Kirchhoff’s Second Law
The potential difference (PD) or voltage measurement is all about the energy provided by the electricity. The PD measures how much energy in joules is converted to heat or light by each coulomb of electricity passing.
If the current flowing is one amp(ere) then one coulomb per second is flowing through every part of the circuit. In this image the current is 0.31 amps so (fairly obviously) 0.31 coulombs is passing through the meter and every other part of the circuit each second. We have to measure the PD (voltage) to calculate the energy being provided each second.
The PD measures how much energy in joules is converted to heat or light by each coulomb of electricity passing, a PD of 1 volt shows that each coulomb is providing one joule of energy.
Here we are measuring the voltage across the cell when it is doing almost no work. Only a tiny current is flowing to operate the voltmeter but none is flowing around the bulbs because the circuit is incomplete. We are measuring the EMF which is a total of 6.6 volts for the four cells.
But when we complete the circuit so that a current flows we are measuring the total potential difference (PD) around the components of the complete circuit where a current is flowing. The total is less than the 6.6 volts EMF
That is because the cells themselves have a resistance (the internal resistance) so some of the energy, that is some of the EMF, is used inside the cell. We cannot measure this value of voltage inside the cells directly but we know that it is 6.6 - 5.24 = 1.36 volts.

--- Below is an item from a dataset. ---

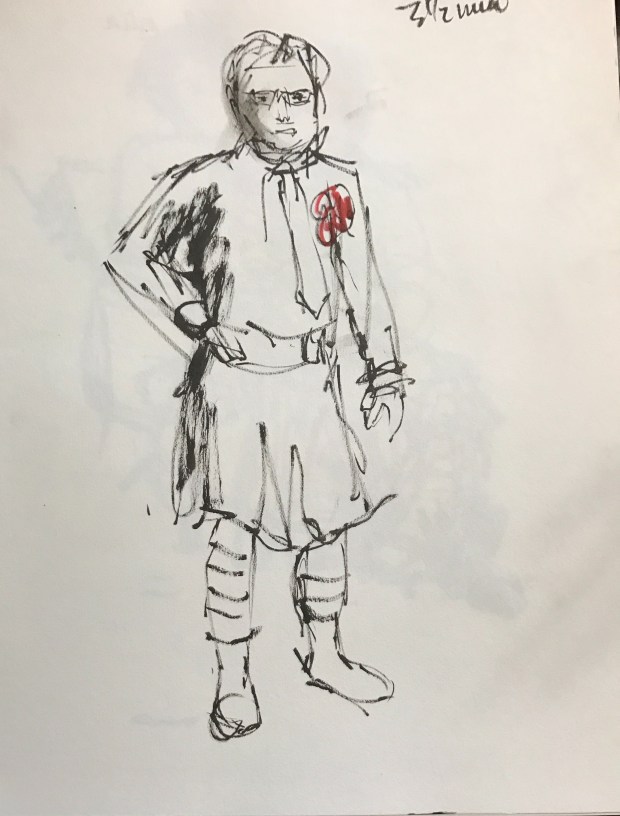I set the angle on his head first. As I draw I am always looking at angles and negative shapes. Also dropping plumb lines from say a shoulder to the knee to get bod parts where they Belong.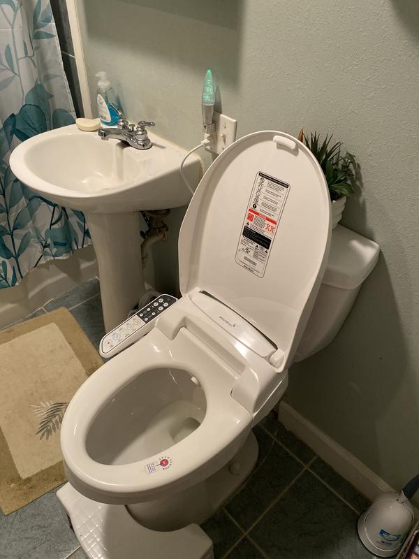SB-110 Electric Bidet Toilet Seat for Elongated Toilets with Attached Control Panel, Stainless Steel Nozzle, Child Wash & Dry, White

We can tell that electrical energy is converted to heat inside the cells because after they have been used for a time the cells get hot. Of the EMF of 6.6 volts, which provide 6.6 joules to every coulomb flowing, only 5.24 joules from each coulomb was transferred to the bulbs and a total of 6.6 - 5.24 = 1.36 joules of energy every second were converted to heat within the cells.
Kirchhoff realised that this must be the case, so he formulated his law which is usually given something like this:
In a closed circuit the sum of the EMFs is equal to the sum of the PDs.
That is the EMF measured when the battery is doing no work is equal to the potential differences we measure in all the different parts of the circuit including the PD inside the cells driving the current through the cells.